Former president and now deputy speaker Gloria Macapagal-Arroyo, who is an economist by profession, said the Maharlika law “is a very big milestone for Philippine economy.”
Sen. Mark Villar, who is the sponsor of the MIF bill in the Senate, said the measure “can speed up the recovery from COVID-19” as early as next year.
“So, by the end of the year siguro matatapos na ‘yung IRR ng Maharlika and we can expect that it will be operational. As soon as magsimula ‘yung investment ng Maharlika, mararamdaman na natin. So, as early as, maybe early next year siguro mararamdaman na natin ‘yung effect ng Maharlika (So, by the end of the year, maybe the IRR will be finished and we can expect that it will be operational. As soon as Maharlika starts to invest, we can already feel its effect. So, as early as, maybe early next year we can probably feel the effect of Maharlika),” Villar said.

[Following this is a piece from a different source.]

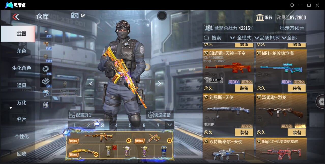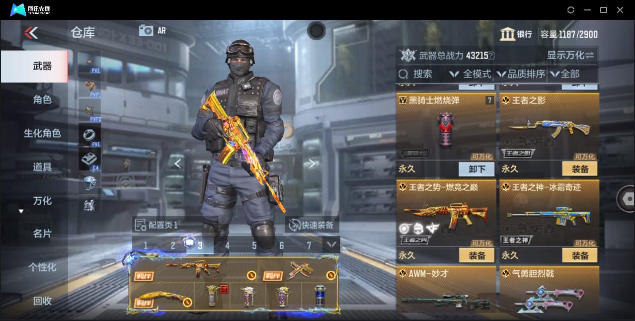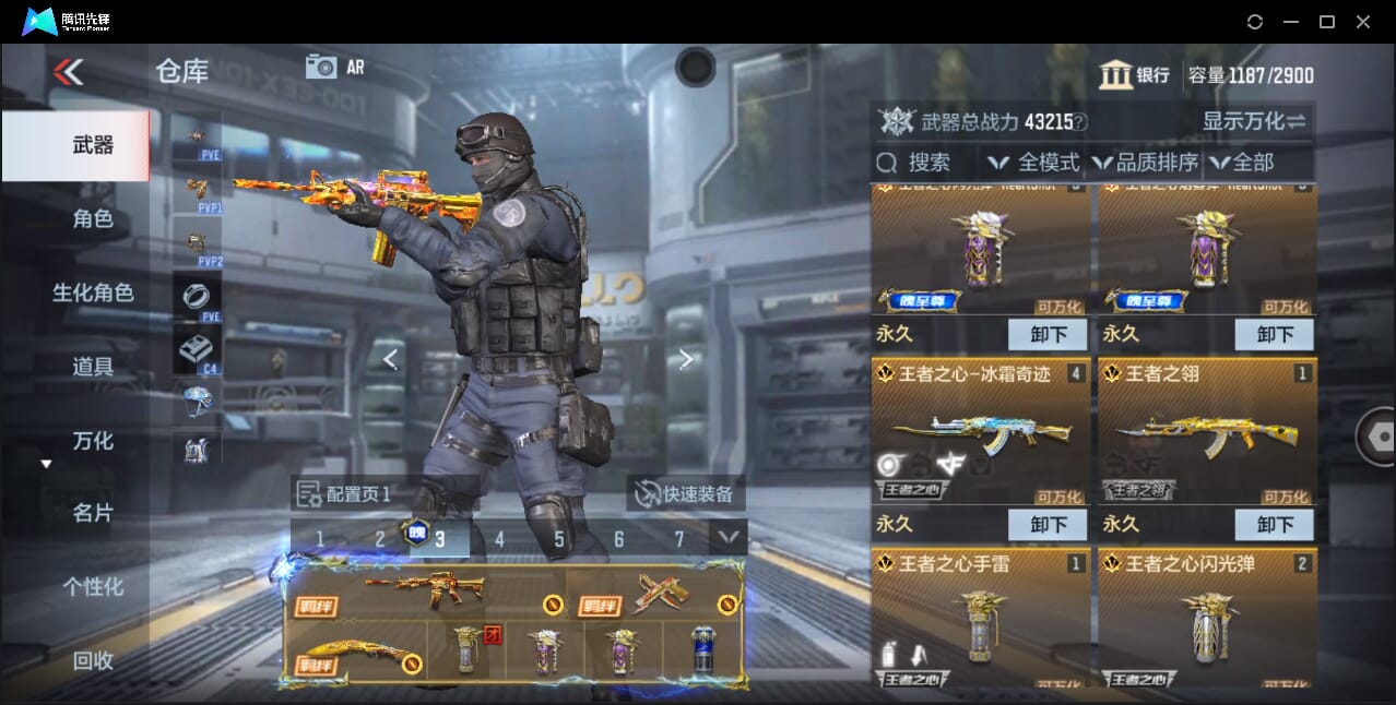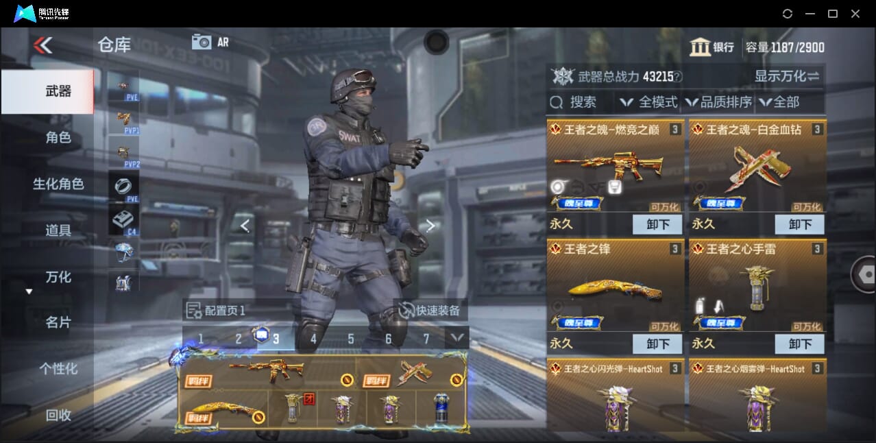 安卓q区 枪战王者 已收藏英雄武器28 角色8 万化39【双持斯泰尔-天使】AK47-无影-不屈老兵 M4A1-死神 巴雷特-毁灭 加特林-堡垒 USP-神罚 沙鹰-修罗-现代金属 沙鹰-修罗-紫魇 双持沙鹰-雷麒麟 柯尔特-伏刹山海觉醒 神罚战斧 秋逸觉醒 马来剑-毁灭-暗月 详情看截图、低价出售找回包赔、截图展示段位不代表实际段位,如赛季更新等不可抗拒因素发生变化、时限道具不保证所剩时间、此截图在网吧截图、实际不包括带网吧特权的道具武器【皓月】TD10405/安卓QQ/贵5/可转区/钱包注销/可二次/189V不重复/37角色/369万化/8王者武器/仁德套/幻神套/威侯/屈魔/81式光明之神/三足金乌/王者之心/王者之烈/王者之隐/王者之魂/王者之业/王者之兽手雷/冰霜奇迹/王者之影闪光弹/王者之竞手雷/【角色】/蔡文昭/零水下丽影/零新生/炽天使X/关小雨/步练师/瞳/黑武士套/毁灭套/冰锋套/机械迷城套/血月套/诗仙套/鼓龙套/卧龙套

Camarines Sur Rep. Luis Raymund Villafuerte, one of the law’s authors, said the 19th Congress has afforded the government with a new funding stream for investments other than the traditional sources of funds, namely, the General Appropriations Act (GAA) or the annual national budget, official development assistance (ODA) from overseas partners and the business sector via the public-private partnership (PPP) mode.
Villafuerte said the Marcos administration has come up with a new investment fund source to create more jobs and turn the Philippines into a prosperous middle-class society in two decades.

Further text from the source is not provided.